▶ RECORDS FOR PROCESSING:
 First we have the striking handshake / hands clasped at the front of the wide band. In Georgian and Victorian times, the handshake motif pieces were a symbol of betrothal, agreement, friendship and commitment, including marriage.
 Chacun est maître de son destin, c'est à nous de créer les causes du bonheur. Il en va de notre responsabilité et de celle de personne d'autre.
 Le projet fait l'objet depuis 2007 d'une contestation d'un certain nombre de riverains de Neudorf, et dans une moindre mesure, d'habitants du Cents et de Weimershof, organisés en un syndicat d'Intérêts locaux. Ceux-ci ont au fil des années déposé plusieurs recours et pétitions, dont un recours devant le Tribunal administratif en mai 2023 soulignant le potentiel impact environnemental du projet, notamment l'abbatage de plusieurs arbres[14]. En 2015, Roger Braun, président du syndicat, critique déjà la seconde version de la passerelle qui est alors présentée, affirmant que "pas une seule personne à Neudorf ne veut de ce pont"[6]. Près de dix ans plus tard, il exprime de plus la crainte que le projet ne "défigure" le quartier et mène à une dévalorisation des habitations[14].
--
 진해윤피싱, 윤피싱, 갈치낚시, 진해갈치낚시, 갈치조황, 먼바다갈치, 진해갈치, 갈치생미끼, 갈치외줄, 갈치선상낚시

▶ DESCRIPTION OF THE TASK: Output should match, line for line, the stretch of the material above from the line holding "Chacun est maître" through the line holding "Le projet fait".

▶ ANSWER FOR THE TASK:
 Chacun est maître de son destin, c'est à nous de créer les causes du bonheur. Il en va de notre responsabilité et de celle de personne d'autre.
 Le projet fait l'objet depuis 2007 d'une contestation d'un certain nombre de riverains de Neudorf, et dans une moindre mesure, d'habitants du Cents et de Weimershof, organisés en un syndicat d'Intérêts locaux. Ceux-ci ont au fil des années déposé plusieurs recours et pétitions, dont un recours devant le Tribunal administratif en mai 2023 soulignant le potentiel impact environnemental du projet, notamment l'abbatage de plusieurs arbres[14]. En 2015, Roger Braun, président du syndicat, critique déjà la seconde version de la passerelle qui est alors présentée, affirmant que "pas une seule personne à Neudorf ne veut de ce pont"[6]. Près de dix ans plus tard, il exprime de plus la crainte que le projet ne "défigure" le quartier et mène à une dévalorisation des habitations[14].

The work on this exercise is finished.